Member of the National Assembly of Pakistan
- In office 1955–1958
- President: Iskander Mirza
- Prime Minister: A. K. Fazlul Huq Amiruddin Ahmad

Member of the Bengal Legislative Assembly
- In office 1937–1945
- Prime Minister: Khawaja Nazimuddin A. K. Fazlul Huq
- Succeeded by: Madar Bux
- Constituency: Rajshahi Central

Personal details
- Born: Jat Amrul, Rajshahi district, Bengal Presidency

= Moslem Ali Mollah =

East Pakistan member of parliament

Moslem Ali Mollah (মোসলেম আলী মোল্লা) was a Bengali politician, jute merchant and philanthropist. He was a member of the 1st Bengal Legislative Assembly and the 2nd National Assembly of Pakistan.
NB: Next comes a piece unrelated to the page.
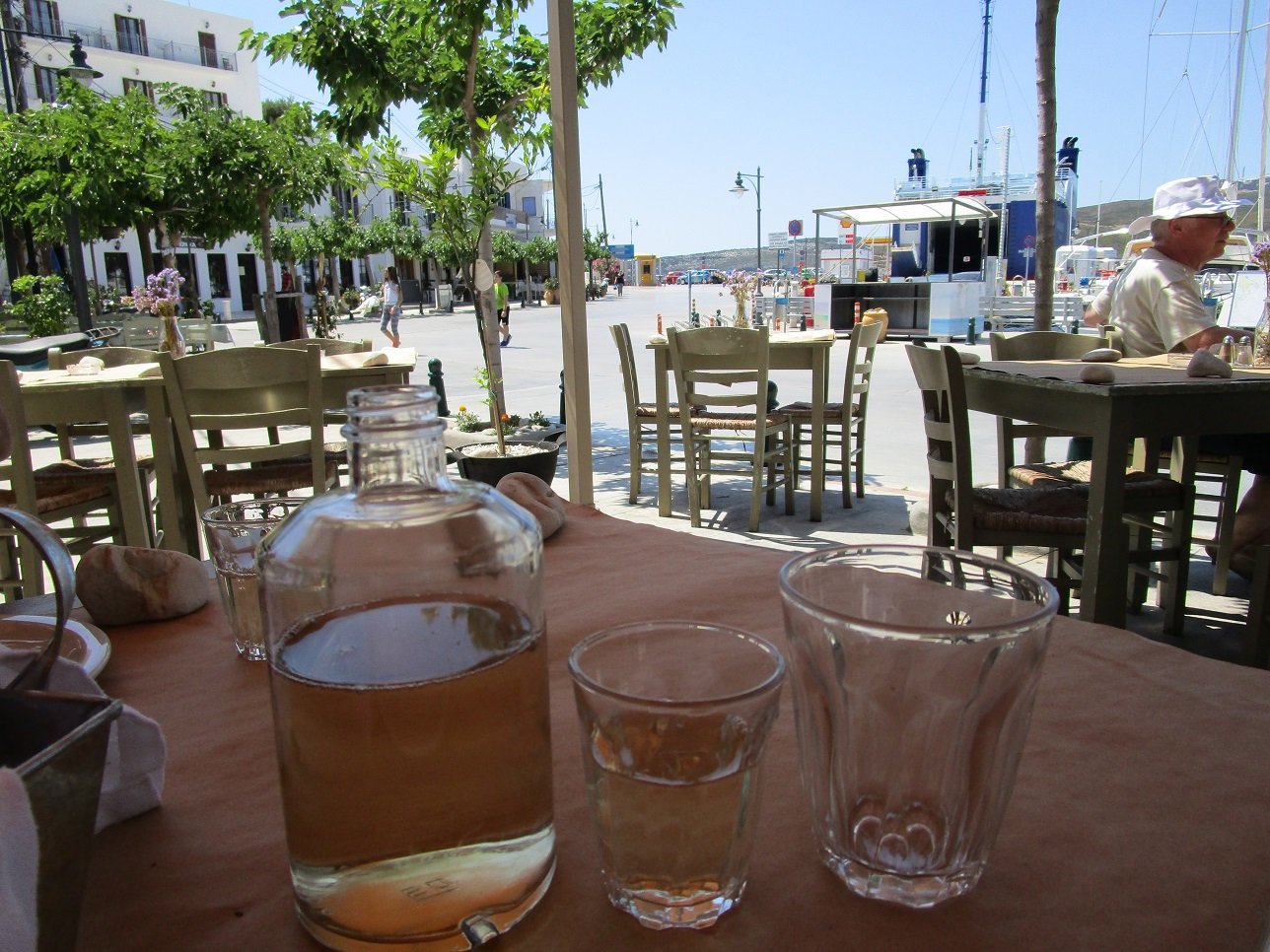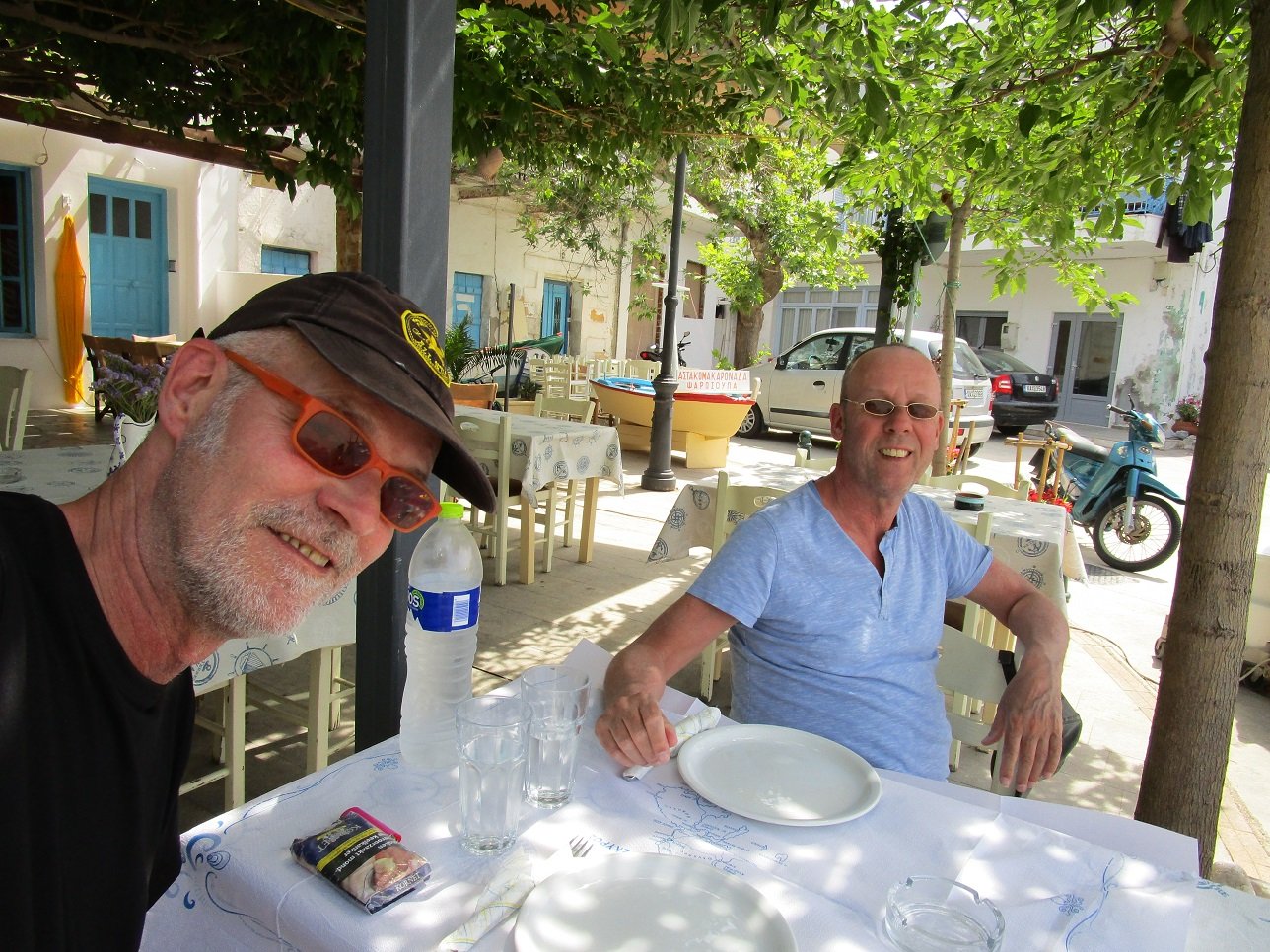 Taverna Gialos is gelegen bij een van de trappen die naar het strand van Magazia lijd. We bestellen er de gezouten gebakken vis, de gehaktballetjes, de Griekse salade en een halve liter wijn. Het eten is simpel maar niet onsmakelijk en de bediening is vriendelijk. Ons oordeel: een 6 uit 10. |
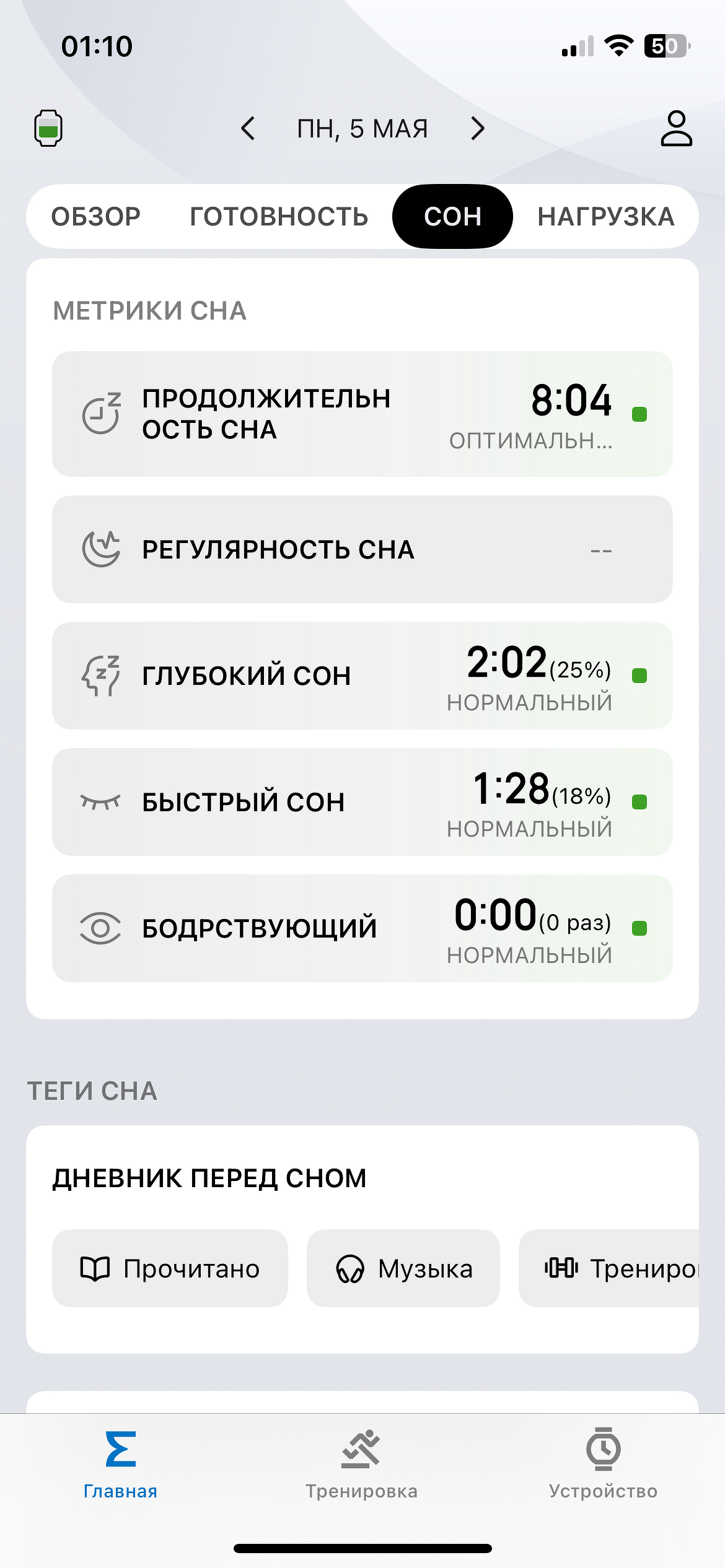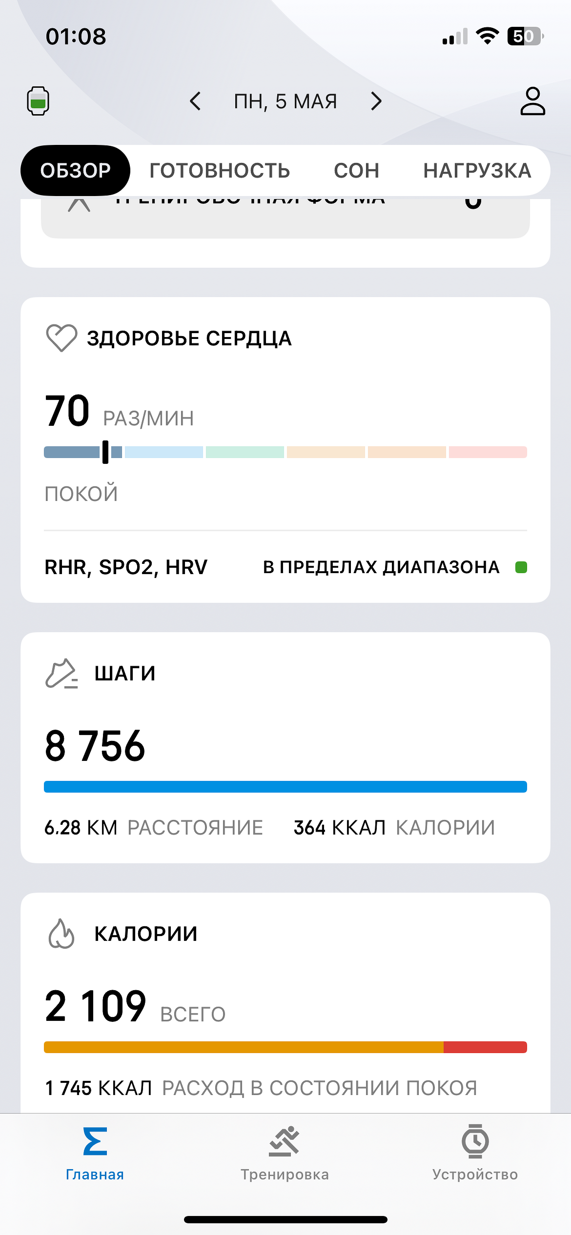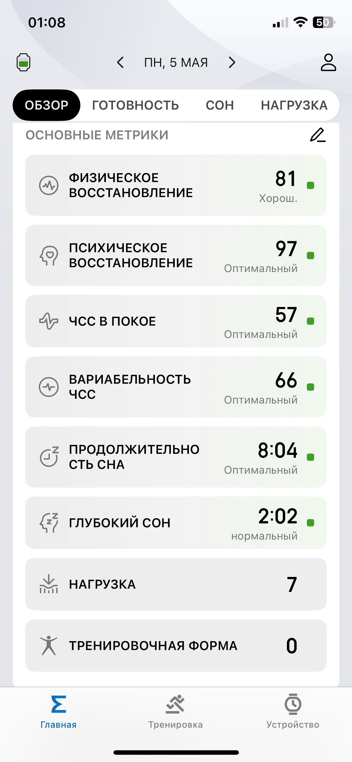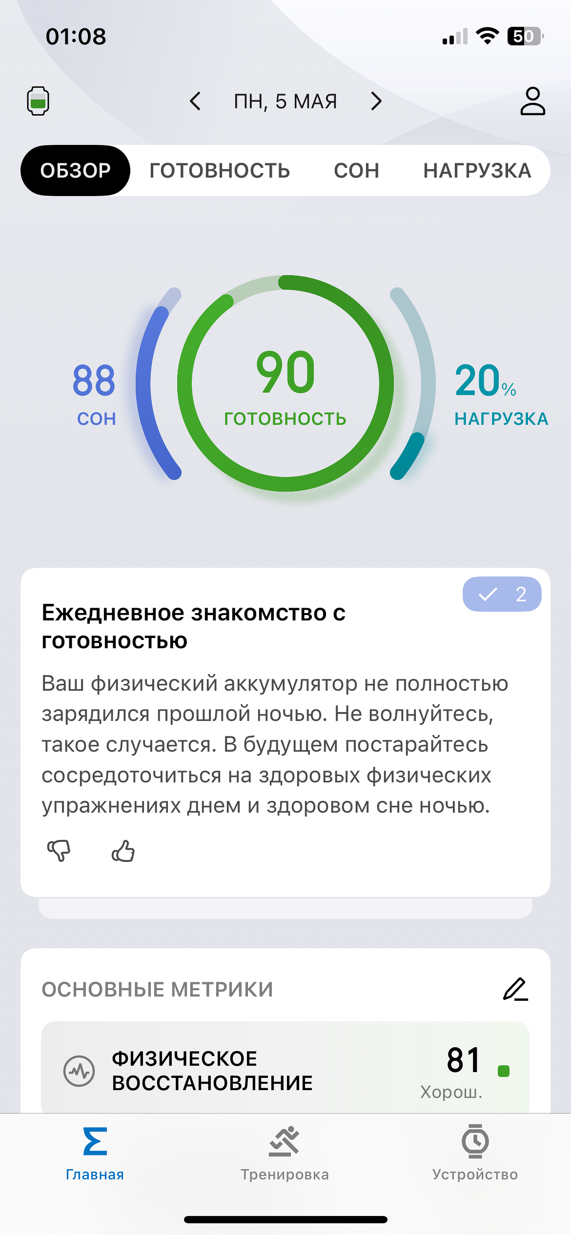 Из необычного — система оценивает в баллах физическое и психическое восстановление, а также тренировочную форму. Кроме того, есть параметр под названием «Готовность» — он рассчитывается утром после сна и показывает в целом состояние пользователя. Любопытно, что были ситуации, когда система посчитала готовность максимальной — и действительно, в эти дни ощущалась достаточно высокая бодрость.

Mollah contributed greatly to the independence movement against the British Raj.

==Early life and family==
Mollah was born into the Mollah clan of Jat Amrul in Atraighat (now Ahsanganj), a Bengali family of Muslim jotedars based in Atrai, Naogaon. He was the son of Haji Aman Ullah Mollah. Mollah was the younger brother of zamindar-philanthropist Ahsan Ullah Mollah, a jute merchant who served as a representative of the Rally Brothers Company and as a member of the Bengal Legislative Council.

==Career==
Mollah was one of the leaders of the Non-cooperation movement and Khilafat Movement across Naogaon subdivision. He donated 10,000 rupees to Mahatma Gandhi. Mollah was a founding member of the Rajshahi Muslim Society. He was the president of the Atraighat Union Board, later renamed to Ahsanganj after his elder brother.

Mollah won a seat at the Rajshahi Central constituency at the Bengal Legislative Assembly following the 1937 elections. He was a Member of the 2nd National Assembly of Pakistan from 1955 to 1958.